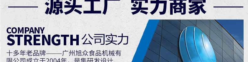 廣州旭眾食品機(jī)械有限公司是一家集科研開發(fā),生產(chǎn)設(shè)計,營銷服務(wù)為一體的現(xiàn)代化生產(chǎn)企業(yè)。現(xiàn)代化生產(chǎn)車間,精湛制造技術(shù),所產(chǎn)機(jī)械歷經(jīng)市場重重考驗,不斷贏得海內(nèi)外客戶的贊譽(yù)。
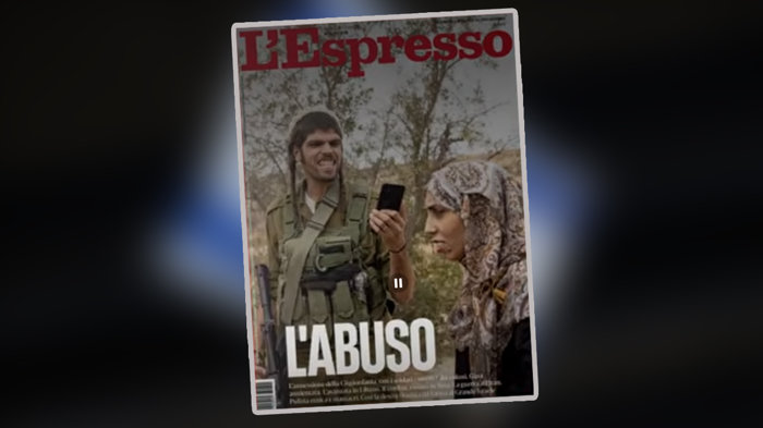 İtalya'nın önde gelen haber dergilerinden L'Espresso'nun son sayısının kapağında, askeri üniforma giyen bir yasadışı yerleşimcinin, Filistinli bir kadın ile alay eden fotoğraf karesi ile altında İtalyanca'da "istismar" anlamına gelen "L'abuso" başlığına yer vermesine, İsrail'in İtalya Büyükelçisi Jonathan Peled tepki gösterdi.
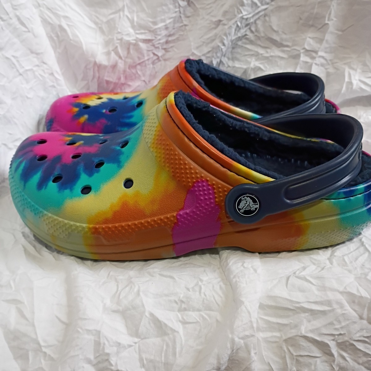 как выглядит Crocs Unisex Original Lined Clogs Size 6 Mens 8 Womens Tie Dye Rainbow фото
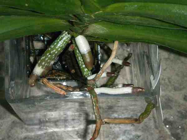Miro, koukám na ty Vandy, úžasný. Ten skleněnej obal je plný kořenů? Vidím to dobře? Mám Vandu, jen je nějak chudinka. Musela jsem ostříhat kořeny, protože jsem jí je zničila nejspíš silnějším roztokem hypermanganu (zdálo se mi, že chytly nějakou plísňovou chorobu. Teď už rostou nový (posílám obrázek) a tlačej se na stěny v té kulaté váze. Vadí to? Nezloměj se? Dala jsem ji do hranatý, je v ní víc místa. Nemám ji nechat v tom těsnějším prostředí? Ď, Ň. Příloha:
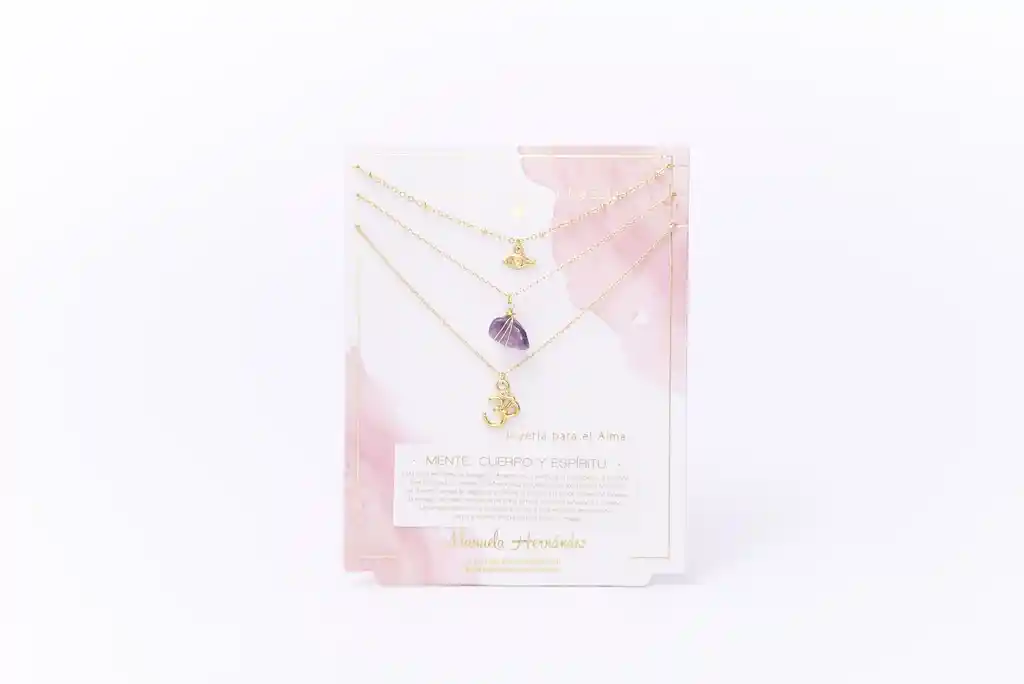 Cadena y apliques Dorados con Baño de Oro 18k. Elaborado con Amatista Natural.
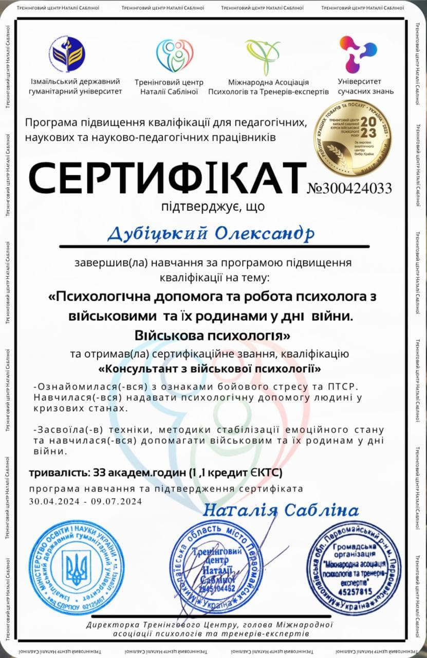 Я практикуючий психолог, психотерапевт. Досвід роботи більше 6 років. Працюю з дорослими та дітьми від 10 років."
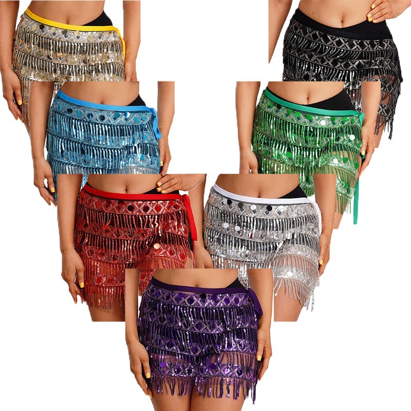 Womens Hip Scarf Lesson Dancewear Stage Hip Wrap Halloween Skirt Dancing SequinUSD 5.99
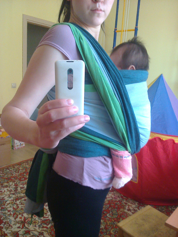 Вот два варианта: с расправленными полотнами и собранными. Во втором варианте почему-то особенно прямая спина получается. Ребенку 1,5 месяца.
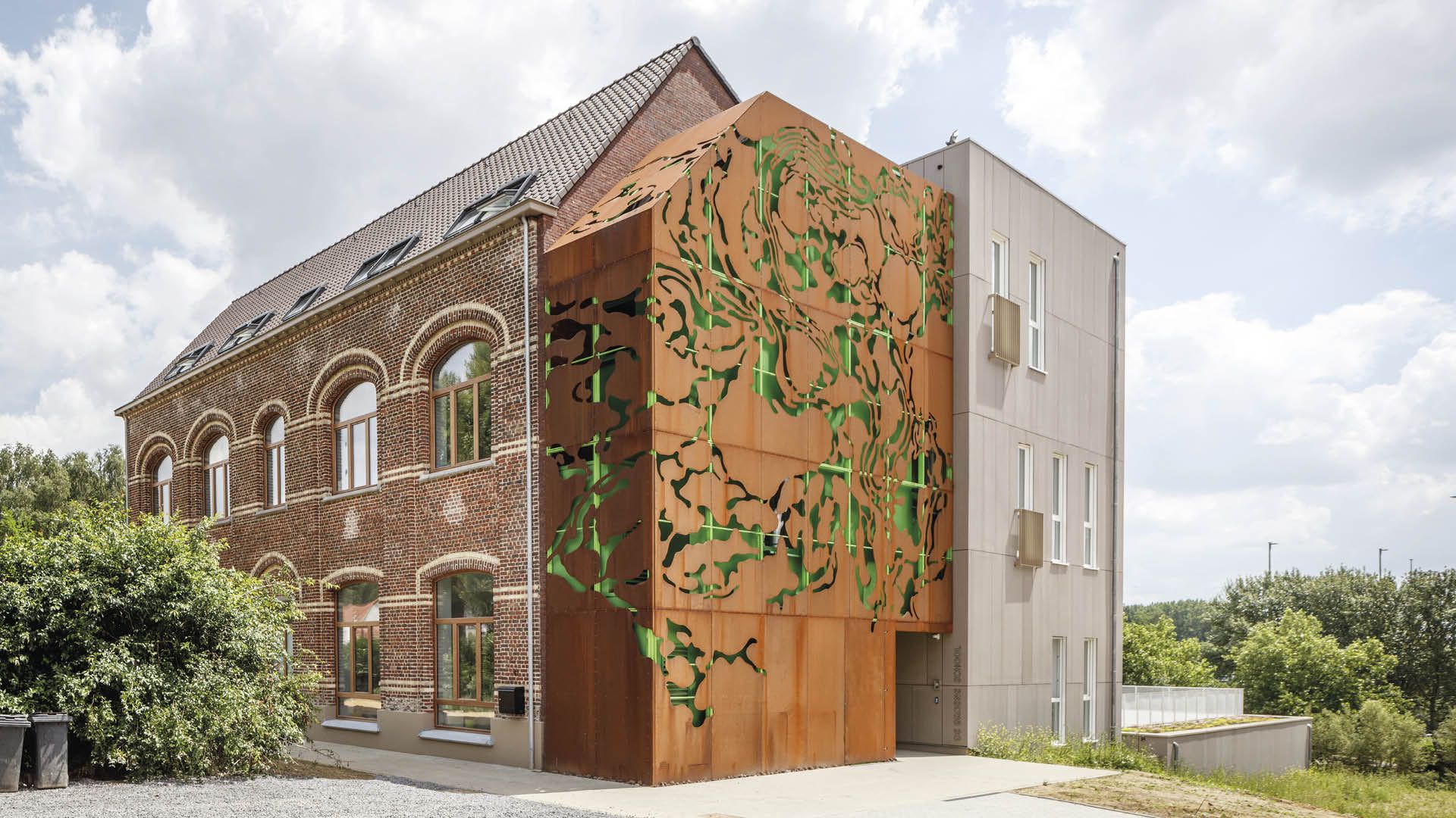 À la base de cette œuvre d’art, qui s’étend comme une toile sur la façade d’une école, se trouve une série de sculptures ‘blob’ numériques : des formes organiques générées par ordinateur qui remettent en question la rigidité et l’immobilité de la construction architecturale. Cette tension entre les ‘blobs’ et leurs ‘boîtes’ (‘boxes’) est une constante dans l’œuvre de l’artiste. De cette façon se crée un dessin qui évoque une structure de lierre qui de façon organique semble ‘pousser’ sur le bâtiment pour l’envelopper. L’artiste a voulu rendre la façade plus attrayante, afin d’attiser la curiosité des passants, susceptibles de se demander ce que pourrait bien révéler l’intérieur du bâtiment. L’œuvre a été montée sur la façade de la cage d’escalier, déjà recouverte par un crépi vert et pourvue de points de fixation. Les pièces de tôle en acier auto-patinable (‘corten’), en grande partie prémontées, y ont été vissées. La construction a été dotée d’un éclairage LED qui met l’œuvre en valeur.
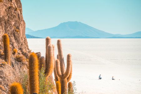 Cactus island in the salar de uyuni in the bolivian altiplano
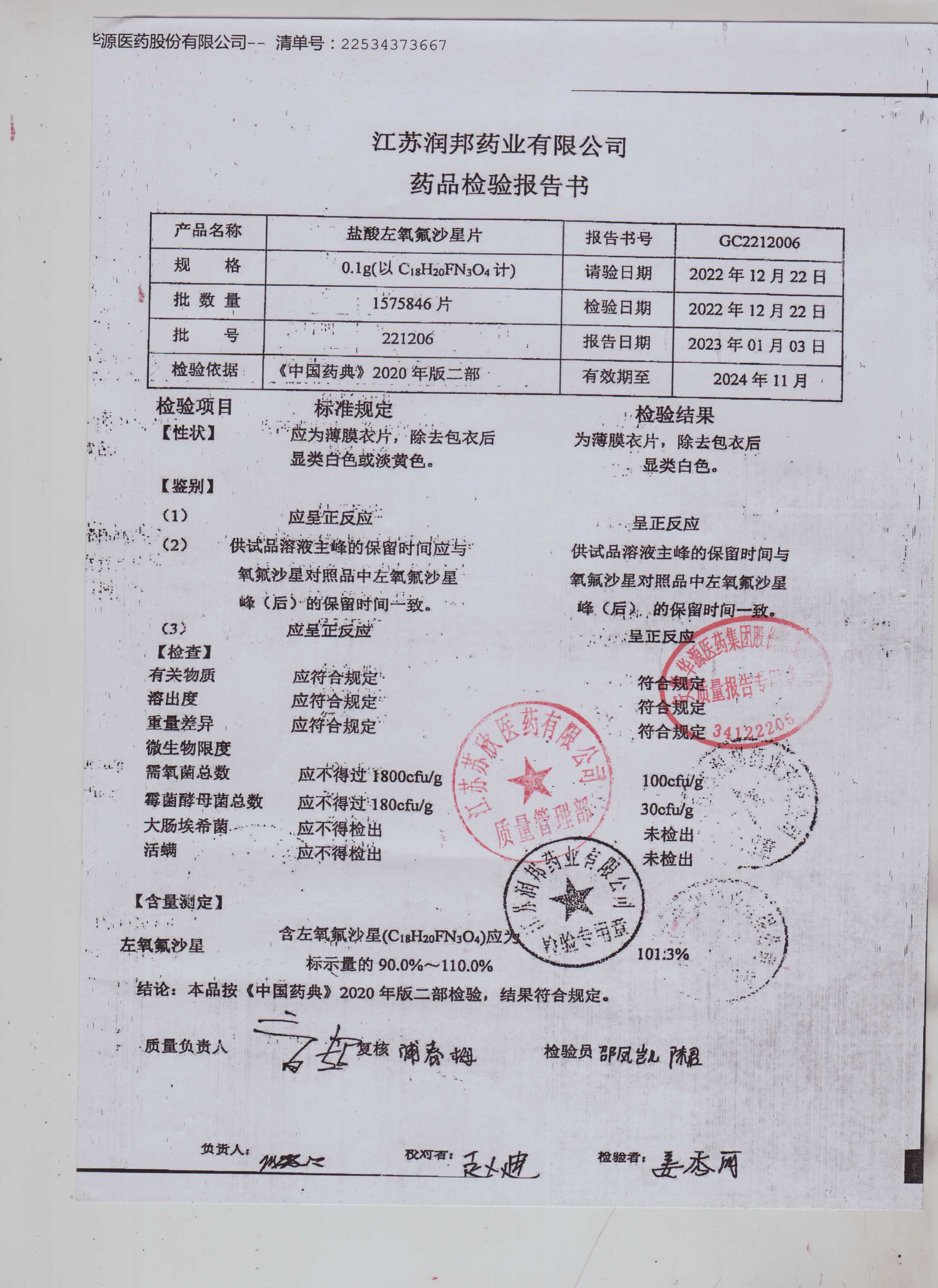 盐酸左氧氟沙星片221206
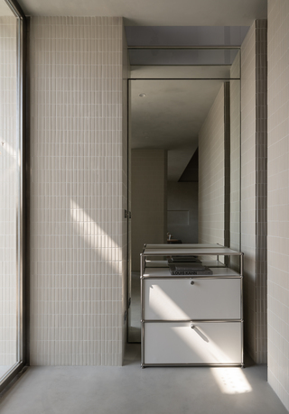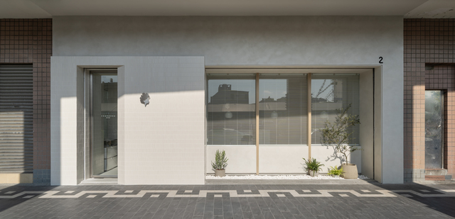 從立面延伸至室內玄關的立面,鋪上白色馬賽克磁磚,形成連續而淨朗的視覺語言。特別的是,門面右上角,一枚「2」字的金屬門牌,由設計團隊親手換上,低調地與立面融為一體,顯得乾淨雅致。
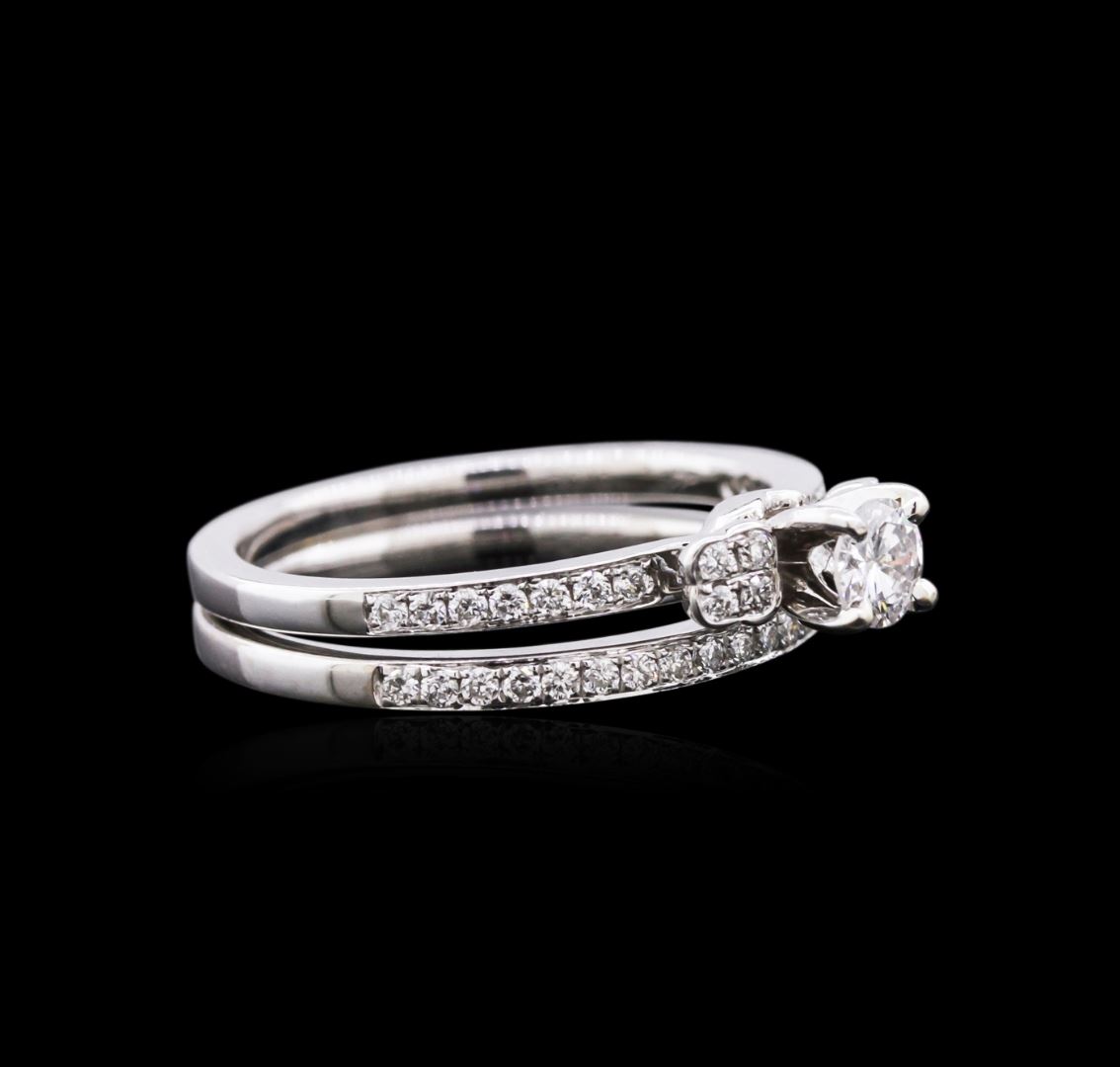 One wedding ring set featuring: 14KT white gold weighing 2.80 grams containing one diamond center stone with a total weight of 0.24ct and 43 brilliant cut diamonds with a total weight of 0.31ct.
● ● ●
EXERCISE: Copy only the lines above from the one containing "Вот два варианта: с" through the one containing "盐酸左氧氟沙星片221206", both included. Leave out the pictures.

EXERCISE RESULT:
 Вот два варианта: с расправленными полотнами и собранными. Во втором варианте почему-то особенно прямая спина получается. Ребенку 1,5 месяца.
 À la base de cette œuvre d’art, qui s’étend comme une toile sur la façade d’une école, se trouve une série de sculptures ‘blob’ numériques : des formes organiques générées par ordinateur qui remettent en question la rigidité et l’immobilité de la construction architecturale. Cette tension entre les ‘blobs’ et leurs ‘boîtes’ (‘boxes’) est une constante dans l’œuvre de l’artiste. De cette façon se crée un dessin qui évoque une structure de lierre qui de façon organique semble ‘pousser’ sur le bâtiment pour l’envelopper. L’artiste a voulu rendre la façade plus attrayante, afin d’attiser la curiosité des passants, susceptibles de se demander ce que pourrait bien révéler l’intérieur du bâtiment. L’œuvre a été montée sur la façade de la cage d’escalier, déjà recouverte par un crépi vert et pourvue de points de fixation. Les pièces de tôle en acier auto-patinable (‘corten’), en grande partie prémontées, y ont été vissées. La construction a été dotée d’un éclairage LED qui met l’œuvre en valeur.
 Cactus island in the salar de uyuni in the bolivian altiplano
 盐酸左氧氟沙星片221206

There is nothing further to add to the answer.